Including the voice of the patient in healthcare: new models for health and design

Abstract

This paper examines how design methods – specifically information design and participatory design – can strengthen the voice of the patient within healthcare systems, particularly for equity-seeking populations. Drawing on the Cascade of Care Framework used in healthcare as a conceptual model, the paper explores opportunities for designers to intervene across stages of awareness, engagement, retention, treatment, and outcomes. Three case studies from the Design Health Research Innovation Lab at the University of Alberta illustrate how co-design, narrative methods, and information design tools can enhance health system engagement, reduce stigma, and improve health literacy. These cases include: Addictions Don’t Discriminate, a public exhibition co-created with people who experience addiction; Supporting Healthy Partnerships with People Who Use Drugs, a toolkit and learning intervention supporting equitable collaboration; and a digital and print opioid education toolkit developed with communities and clinicians.

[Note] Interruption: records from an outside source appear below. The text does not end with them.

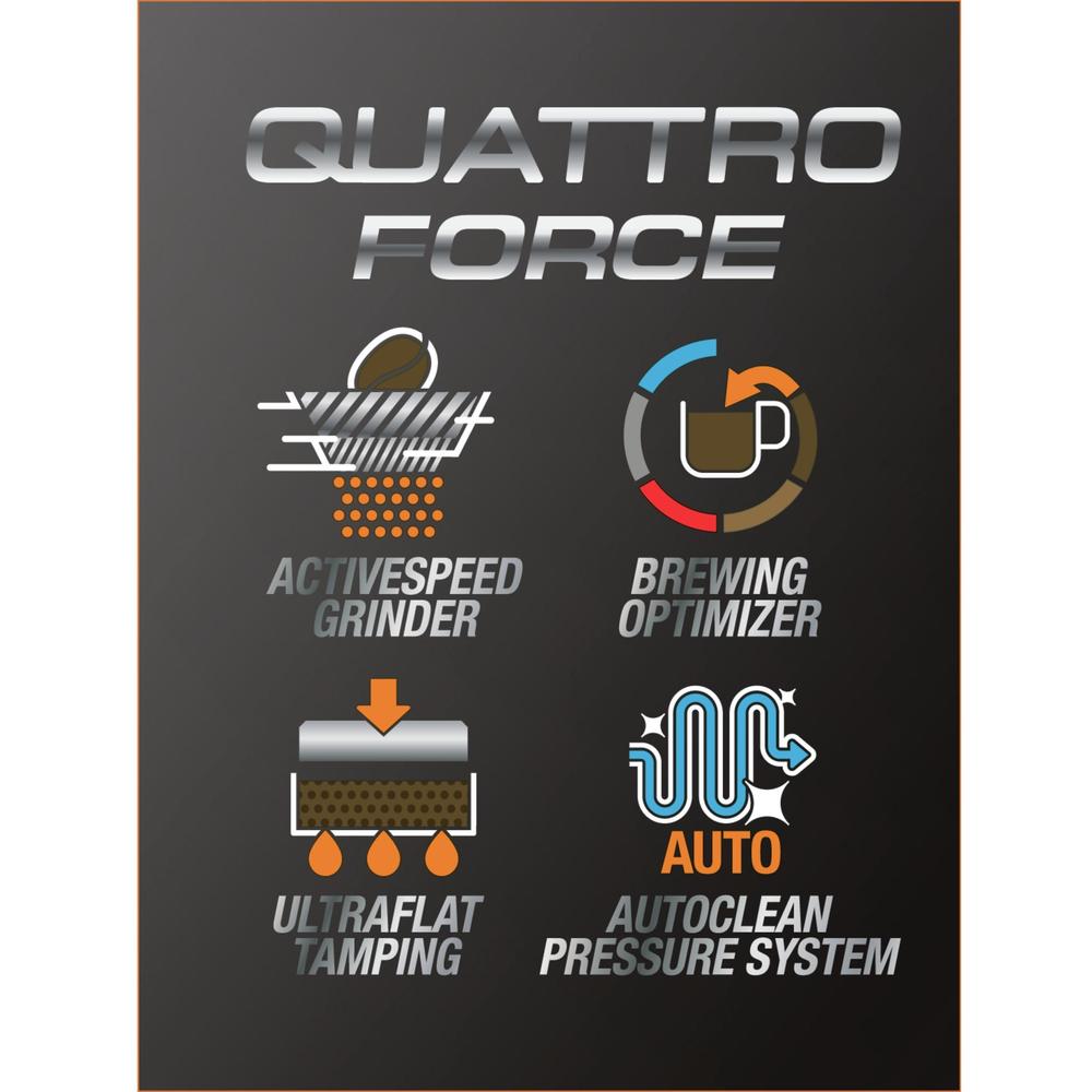 - Sistemul Krups Quattro Force optimizeaza fiecare etapa in procesul de obtinere a unui espresso de la boaba de cafea pana in ceasca: o rasnire cu 20% mai rapida, presare perfecta, sistem de extractie avansat al cafelei si golire automata a sistemului dupa fiecare utilizare pentru performante de durata.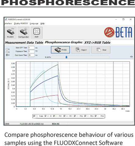 The Beta Fluo ADVANCED greatly extends the measurement, analysis, and display capabilities of the FLUO system. Dual UV LED sources and dynamic emission measurement characterize the relative and absolute intensity and colorimetry of fluorescent materials. Phosphorescent charging and discharge characteristics are measured with millisecond precision, and dual-color materials are analyzed under 256nm and 365nm illumination.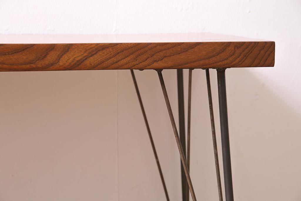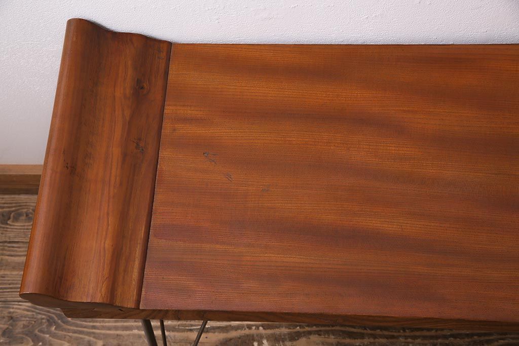 テーブル> サイドテーブル > アンティーク家具 古材ケヤキ一枚板 鉄脚リメイク 個性的なデザインが魅力のサイドテーブル(センターテーブル、ベンチ、飾り台)(R-045083)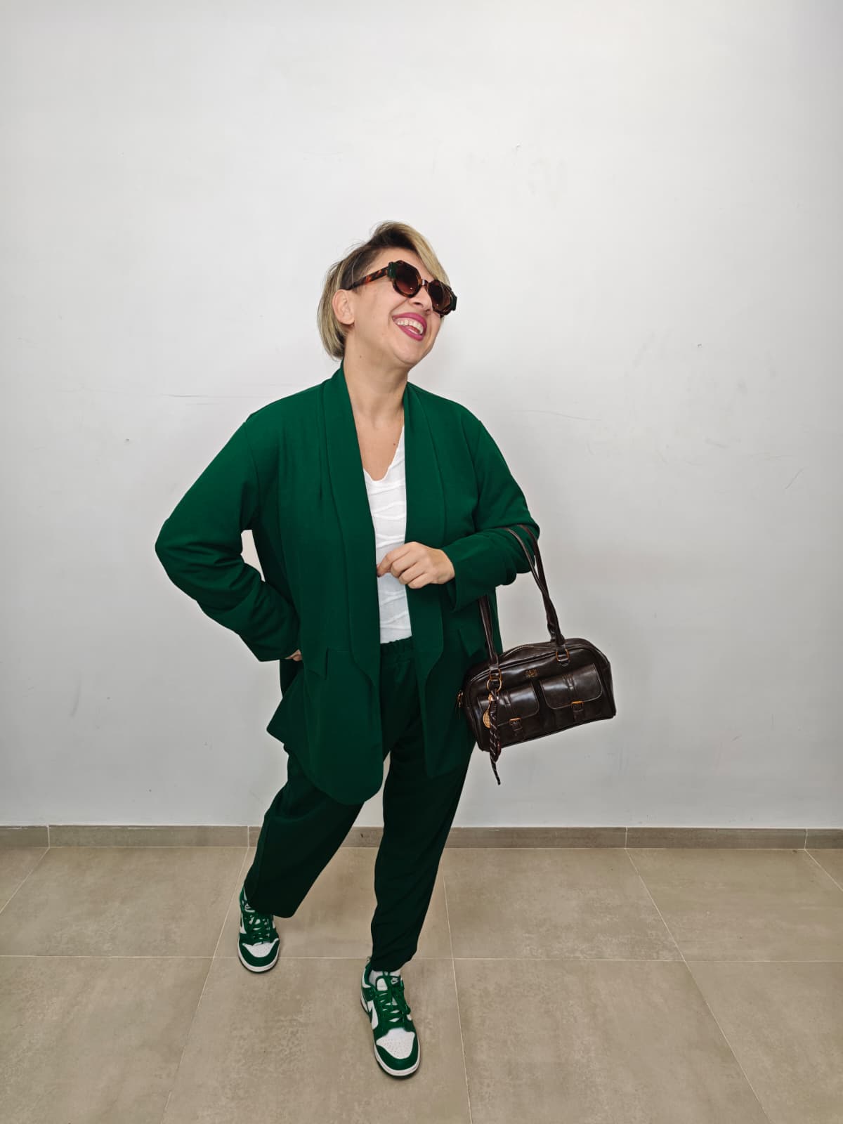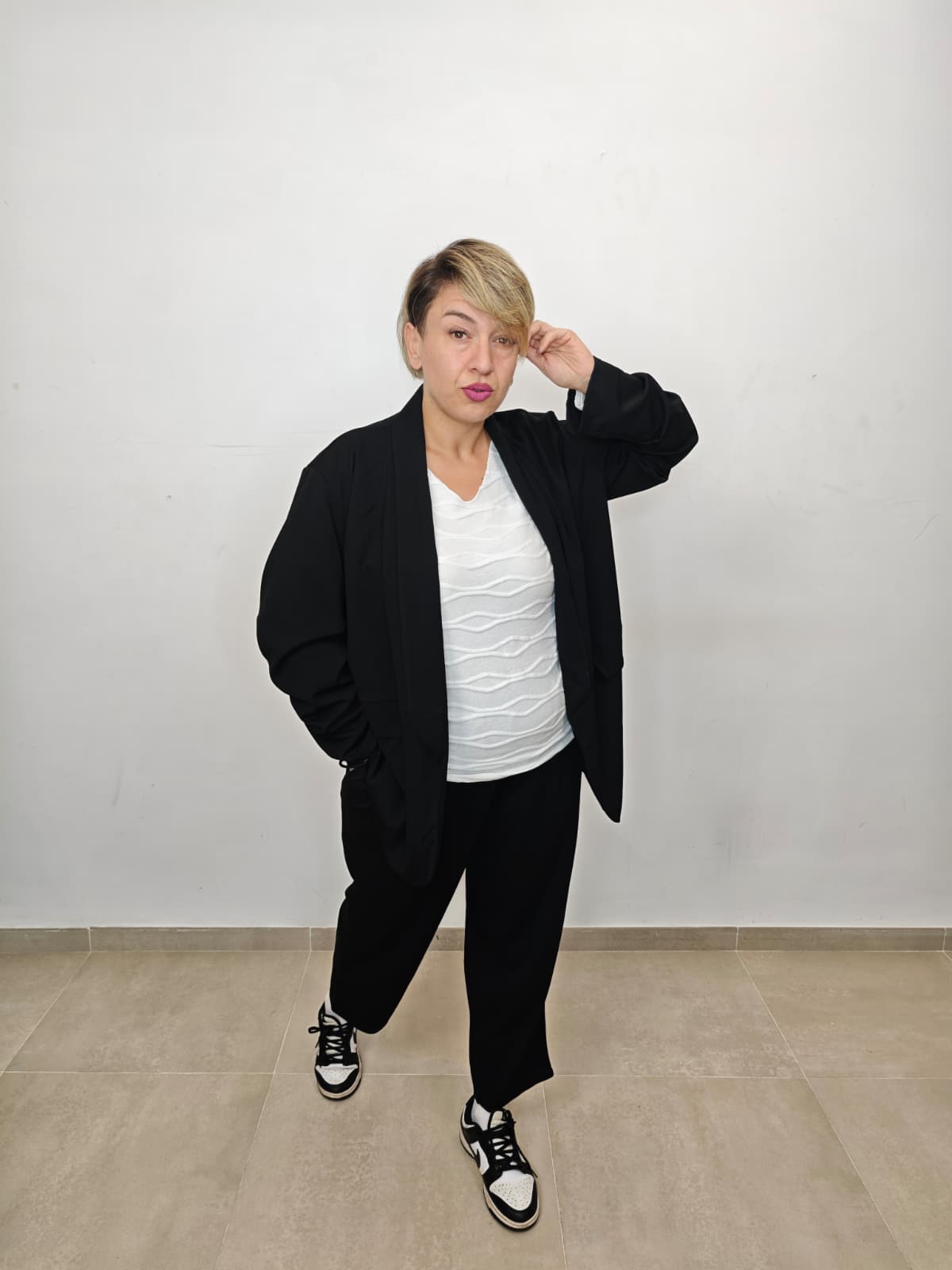 Eleganza senza compromessi con il nostro tailleur over! Blazer con maniche arricchiate che catturano lo sguardo, perfetto per aperitivi e occasioni speciali. Pantalone comodo con elastico in vita e tasche laterali pratiche. Tessuto sfoderato che garantisce libertà di movimento. Taglia unica, vestibilità 50-56: il fit che abbraccia tutte le forme con stile e personalità. Perché la moda curvy merita un tailleur che non scende a compromessi!

The paper, originally presented as a keynote, discusses the idea that design can make patient involvement more meaningful, sustainable, and impactful, particularly when lived experience is treated as expertise and when information is made clear, accessible, and actionable. The paper concludes by identifying future directions for design research in health, emphasizing the need for equity, digital accessibility, and long-term co-design partnerships.